9. Why the direct container network started by Docker on K8S node is not working

  1. UK8S uses UCloud Global‘s own CNI plugin, and containers started directly with Docker cannot use this plugin, so the network is disconnected.
  2. If you need to run tasks for a long time, it is not recommended to start containers directly with Docker on the UK8S node, you should use pods
  3. If it is just a temporary test, you can add the --network host parameter to start the container in the hostnetwork mode

10. Timezone Issues of Pod

The containers running in the Kubernetes cluster use Greenwich Mean Time (GMT) by default, not the local time of the host.
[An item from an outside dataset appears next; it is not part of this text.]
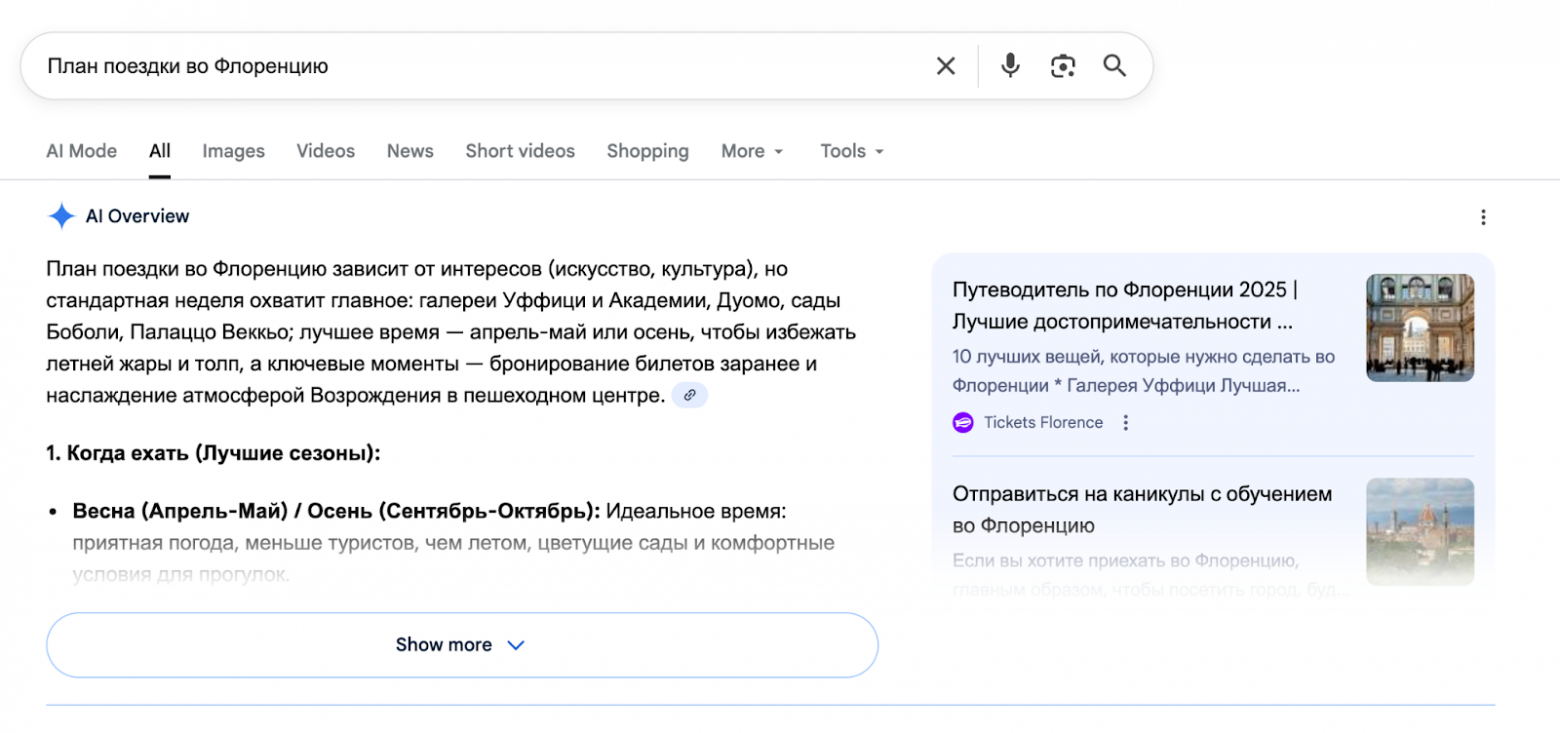 #2 — Google Gemini (Dynamic Interfaces): Google внедряет генеративный UI в поисковую выдачу. Если вы просите «План поездки во Флоренцию», система не дает список ссылок на блоги, а собирает уникальный виджет с картой, билетами и маршрутом, сверстанный специально под этот запрос. Это переход от «Поиска ссылок» к «Генерации ответов». Интерфейс адаптируется под сложность запроса: ребенку он покажет картинки и крупные кнопки, профильному специалисту — таблицы и код.

If you need the container time to be consistent with the host time, you can use the “hostPath” method to mount the timezone file on the host to the container.

Most Linux distributions configure the timezone through the “/etc/localtime” file, we can get the timezone information through the following command:

# ls -l /etc/localtime
lrwxrwxrwx. 1 root root 32 Oct 15  2015 /etc/localtime -> ../usr/share/zoneinfo/Asia/Shanghai

From the above information, we know that the timezone of the host is Asia/Shanghai, and a Pod yaml example is shown below, which explains how to change the timezone configuration in the container to Asia/Shanghai, so that it is consistent with the host.

apiVersion: app/v1
kind: Pod
metadata:
 name: nginx
 labels:
   name: nginx
spec:
    containers:
    - name: nginx
      image: nginx
      imagePullPolicy: "IfNotPresent"
      resources:
        requests:
          cpu: 100m
          memory: 100Mi
      ports:
         - containerPort: 80
      volumeMounts:
      - name: timezone-config
        mountPath: /etc/localtime
    volumes:
      - name: timezone-config
        hostPath:
           path: /usr/share/zoneinfo/Asia/Shanghai

If the container has been created before, you only need to add the volumeMounts and volumes parameters to the yaml file, and then update it using the kubectl apply command.